Type of CASO4 for Brooke
Hi Brooke
The one i'm using lately is called Bond Bone coming from Israel which will be soon in the US market.It's characteristics are much superior to the other CASO4 available in the market because of it's ability to harden within 1 minute and stabilize the augmented defect.
Please send me your email to mazor2@yahoo.com and I will forward you additional details.
Bone Graft Material: Question for Mazor
I totally agree with you with some exception:
1)For extraction defects- I use bio-oss
2) For big ridge defects- I prefer Regenaform.

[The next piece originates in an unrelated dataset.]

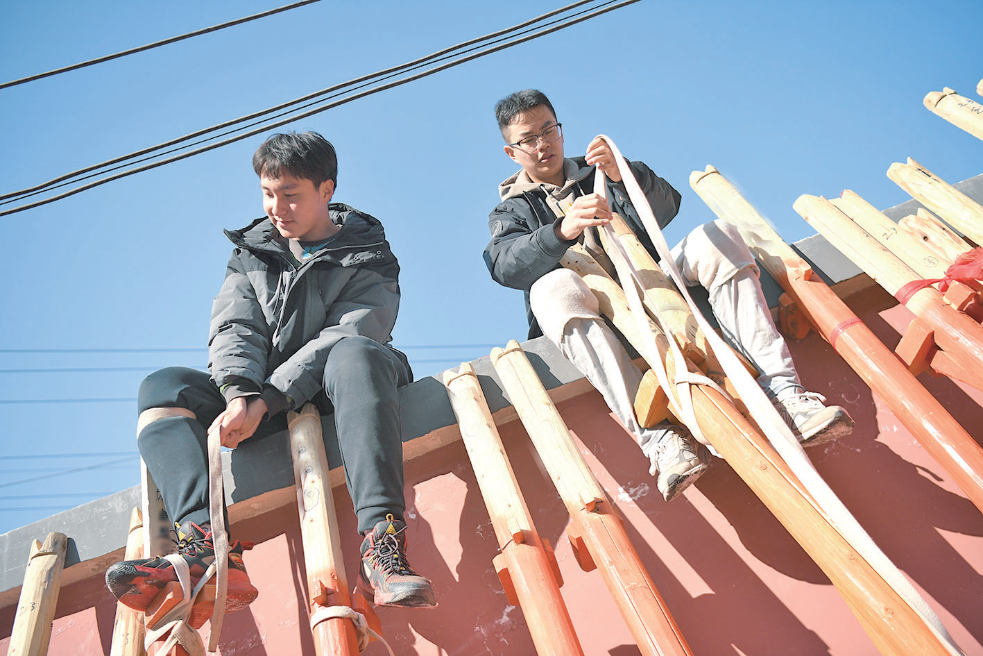 与此同时,鲁沙尔镇的小伙子们踩着两三米高的高跷,伴着“咚咚”的鼓声,正卖力地练习社火曲目。队伍中,22岁的张福臻踩着3.6米的高跷在场地内来回穿梭。张福臻表演高跷已经有7年了,多年来,他踩的高跷一年比一年高,如今已成为整个高跷队的“第一高”。

3) For sinuses- Bovine to allografts.
Ziv look at Dr Pratt questions, what do you think of the issues with regenaform?
Bone Graft Material
For extraction defects I will use BioOss only if I need ridge preservation with no implant placement.Usually when implant is considered I would use a material capable of remodelling and transformed to native bone.My preference for sockets is Allografts and CASO4.If a buccal plate is missing I would use Biooss and a membrane only on the buccal surface to prevent resorption.
For sinuses- doesn't really matter what you're using-everything will work.
For large defects- Regenaform is my choice.
As for the bleeding- in order to prevent difficulties release the flap at the beginning of the procedure and by that you will have decreased bleeding while placing the Regenaform.
GBR Graft Materials: Lifenet FDBA or Puros Cortical
My mainstays are Lifenet FDBA or Puros cortical. Very easy to build out a ridge. I usually add PRP or PDGF to the graft for healing.
GBR Bone Graft Materials I like: Regenerform, Biooss, Puros
I myself favor Regenereform for GBR procedures works well for building up a ridge.
I like Bio-oss for Sinus and Extraction sockets.
I also like Puros for sockets and Sinus's as of of late.
I get consistent results every time.
GBR Bone Graft Materials: Regenaform, Biooss, Lifenet
I like Regenaform for GBR procedures works well for building up a ridge but still favor blocks.
Biooss for Sinus and Extraction sockets is a mainstay
I use alot of lifenet FDBA, awesome product.
Tenting screws can be critical.
Which material to choose
That is a subject that can fill up a full day.
There is a huge difference depending on the type of defect.
1)For extraction defects- Use any material that has the capability of remodelling because we would like vital bone. FDB or CASO4 or bTCP are my preferred ones.
2) For big ridge defects- I prefer Regenaform.
3) For sinuses- does not matter.From Bovine to allografts and alloplasts.
Ziv what do you like about regenaform?
What do you like about regenaform? What is your technique in mixing it. I used it a couple of times with mixed results. The block tended to break apart in the site that was bleeding. Any tips?